25 May 2013

A Baseball Wife, an Actress and a Nobody Walk into a Mental Health Facility...

Back on Monday, I caught one of numerous unkind things said on Twitter to a woman I follow. I'm not naming her because she deleted her tweets relevant to the discussion, which I take to be an indication she doesn't want to deal with it any further and I respect that. The short version is that she's married to a professional athlete and had expressed some anxiety - a topic she's shared just as candidly as I have (though, you know, with a much wider audience).

Naturally, some dude felt compelled to snipe at her:
damn you have such a tough life following your athlete husband around the country. Please cry about it more
I, of course, was instantly upset. As I noted in my earlier piece, "On Depression", there is no lifestyle insulated against the misery of mental health problems. People continue to think that everyone is equally miserable, until they get to the point they can buy their way out of it. Both parts of that are patently untrue. Again, we're back to the misconception that there are people who are, and who are not, "entitled" to be anxious or depressed. Anxiety and depression don't give a damn about such things.

This guy persisted, though:
quit crying nobody cares solve your own problems like other people and not seek attention for your problems 
I know firsthand that it is impossible to "solve" mental health problems alone. They thrive in isolation, which is why depressed people withdraw from the ones who love them most. It's paramount that those of us who do fight these chronic issues maintain a certain level of connectedness. Is this young woman an "attention-seeker"? Perhaps, but only in the sense that she is actively seeking attention on behalf of those who also struggle with anxiety. She knows what I know: that the biggest problem with mental health issues is the ignorance of the general public. Raising better awareness, promoting fuller understanding and putting a human face on the issue are instrumental if we're to change how mental health patients fare.

These are, incidentally, the exact reasons why I share what I share - in person, in this blog, on Twitter, on Facebook; wherever the subject may arise, I use my voice to try to change the misperceptions that have made it so difficult over the years for me and millions like me to receive the proper help we need. There is no philosophical difference between her using her voice and me using mine on this issue. The only difference is that she's known by a whole lot more people...which, in turn, means that she has the chance to reach a much wider audience than me.

This brings me to last night's arrest of Amanda Bynes. For months now, the actress has become controversial for erratic behavior. It seems that she threw a bong in her apartment, was arrested and then remanded to a mental health facility. That isn't actually the kind of dramatic thing it sounds. Half the patients with me at Our Lady of Peace were there for reasons similar to mine, but the other half were there on account of substance issues.

Throughout the day, I saw countless tweets about Ms. Bynes actively rooting against her receiving help. Here's a typical reactionary tweet, variations of which are easily found:
Amanda Bynes was arrested today. Day=Made
There's a reason this upsets me so much, and it goes beyond seeing Amanda Bynes as a human being. When someone like this tweeter makes such a remark about a celebrity going through such an obviously difficult time as Bynes has been recently, it sends a chilling message. If this person's day was made by Amanda Bynes being arrested, what support would she offer for the millions of us Nobodies going through similar ordeals? How much compassion can there be for those of us with mental health issues when even popular patients invite such active venom?

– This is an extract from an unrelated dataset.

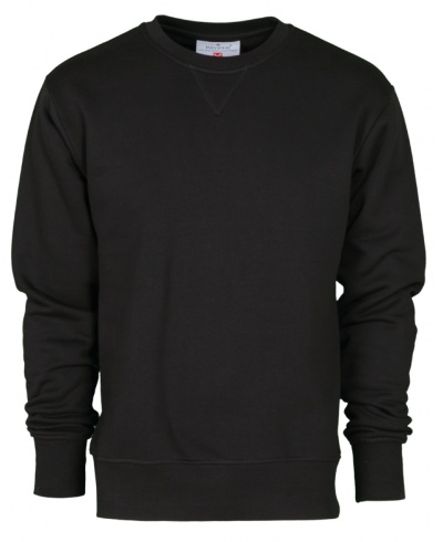 Men’s crew neck sweatshirt, V-design neck stitching, fitted sleeves, stretch rib cuffs and hem, reinforced seams
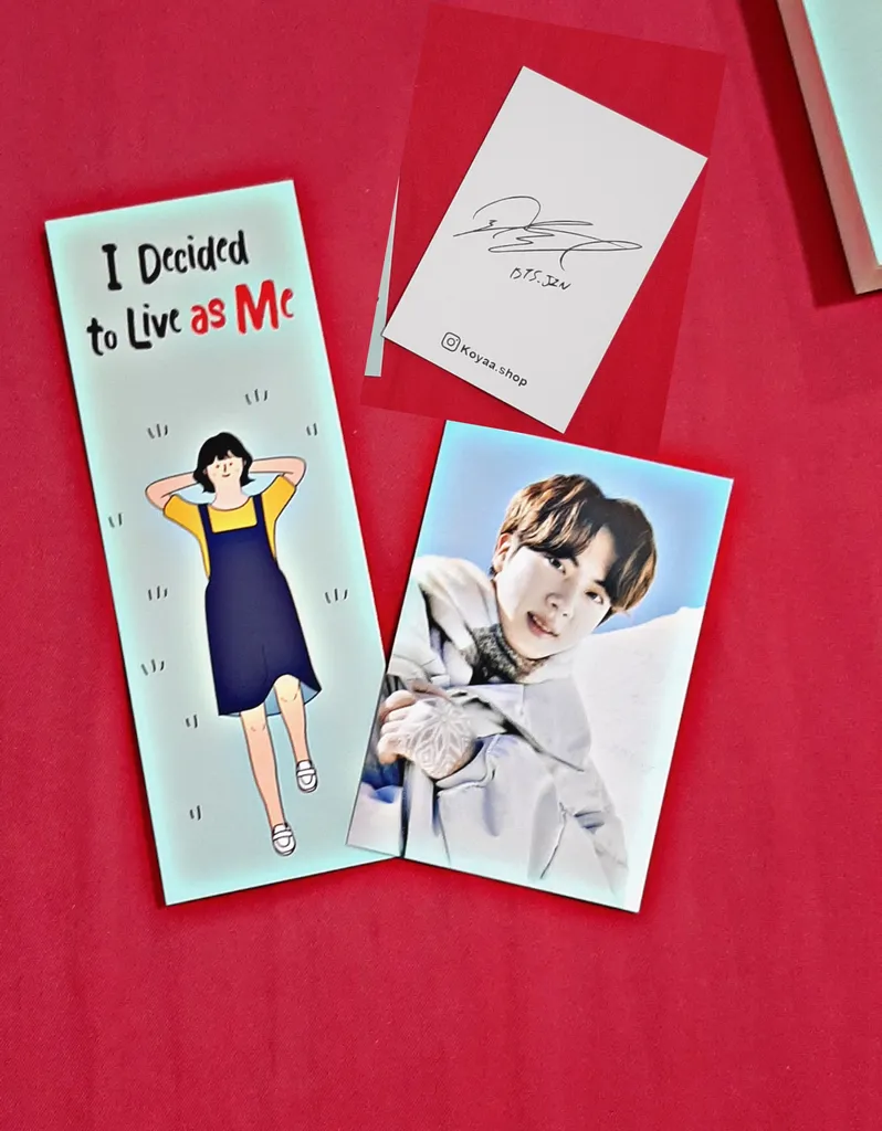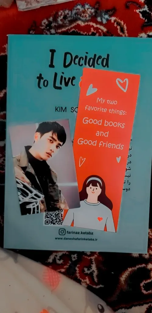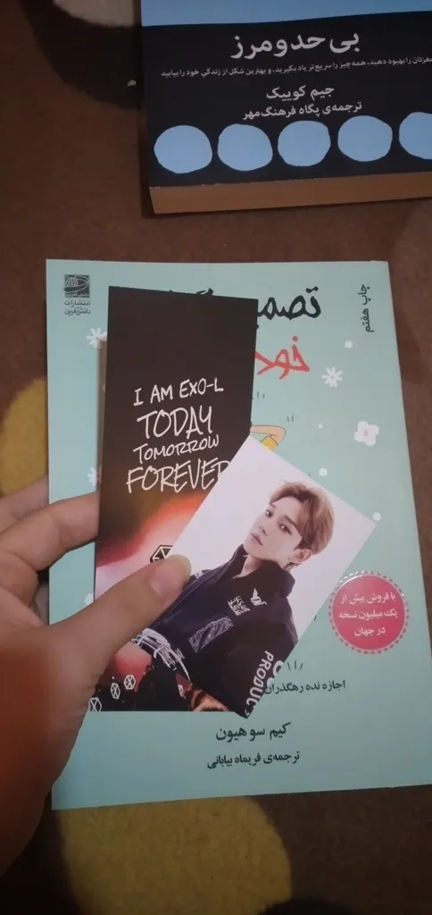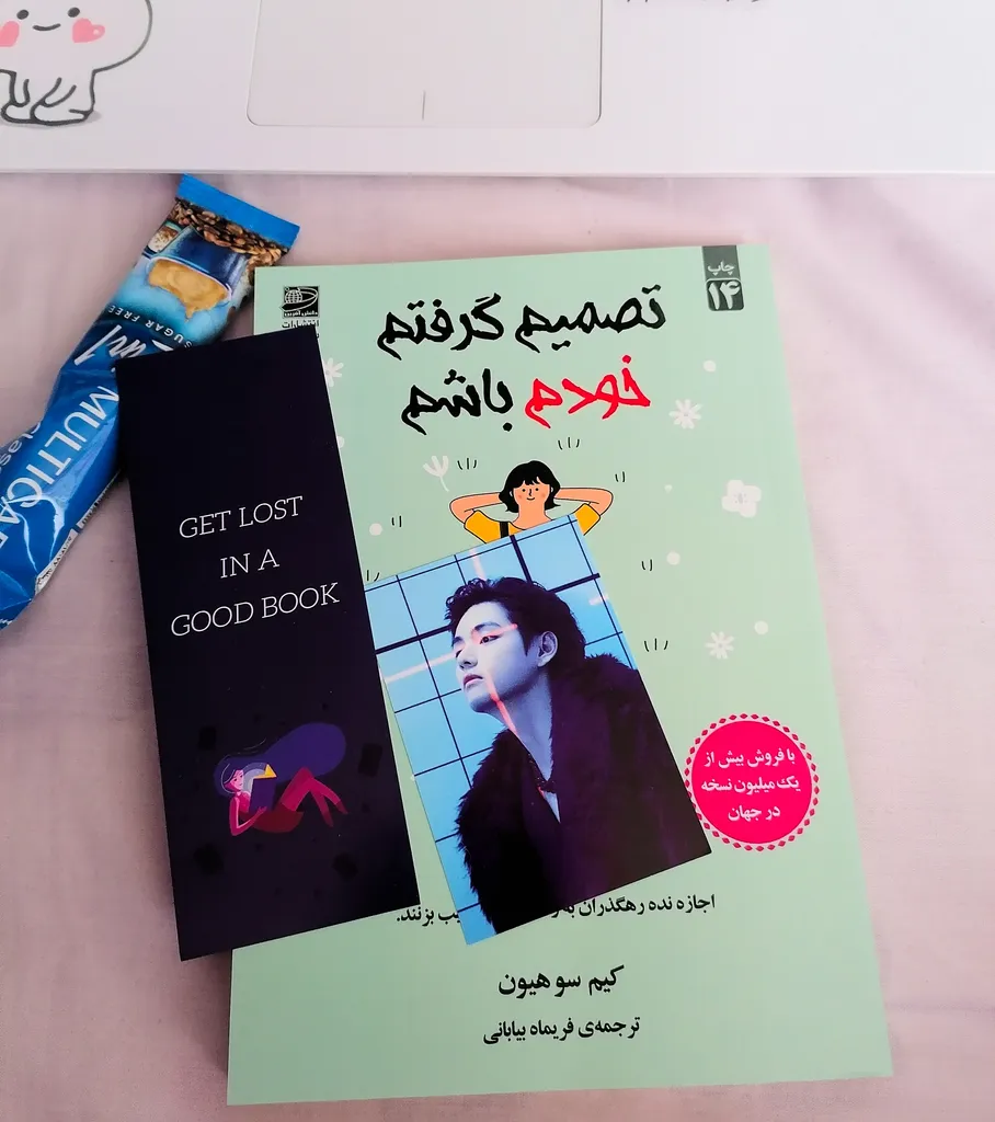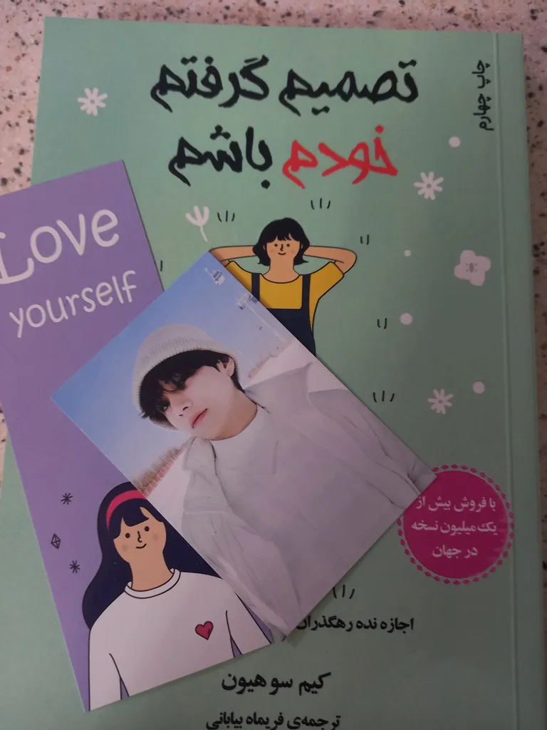 کتاب تصمیم گرفتم خودم باشم^^ ؛ این کتاب از نویسنده کیم سو هیون است که با یک بوکمارک و فتوکارت جیهوپ از گروه بی تی اس به عنوان اشانتیون از فروشگاه انتشارات دانش آفرین خریدم.^^

This is, of course, where such people become defensive. "It was just a joke, man." Maybe to you, but you didn't even stop to consider how it also undermines a very serious matter for other people. "Hey, that's not my responsibility. If they can't take it, they shouldn't read/listen/whatever." You don't tweet/write/speak in a vacuum. You don't get to choose who can and cannot read or hear you. You aren't responsible for how people react to your words but at the very least, you are responsible for being mindful of which ones you use.

"Well, if my one little tweet/joke/ecard meme was the breaking point for someone, then they clearly had bigger problems anyway." This is my favorite defense, because it argues that we were all playing a game of Jenga, and the tower was still standing after their turn. Your one little throwaway quip may not have been the one that brought down the tower, but you contributed to compromising it.

Will Amanda Bynes be affected terribly by any one person who tweeted that her arrest made their day? Probably not. But what about people who actually know those tweeters, who saw their quips and made the mental note to themselves, "Don't reach out to him/her/them about my own depression/anxiety"?

We cannot continue to try to have parallel conversations about mental health issues. We cannot treat celebrities with mental health problems as "fair game" and act as though somehow, that's different from mocking a Nobody like me. When I see a baseball wife or Amanda Bynes ridiculed for what they face, I know that the only reason that same scorn isn't actively directed at me is that they have no idea who I am. We need to quit this dangerous game of Jenga. The objective should never be to see how much we can take away from someone else's life before they collapse. It should be to see how much we can help build up one another.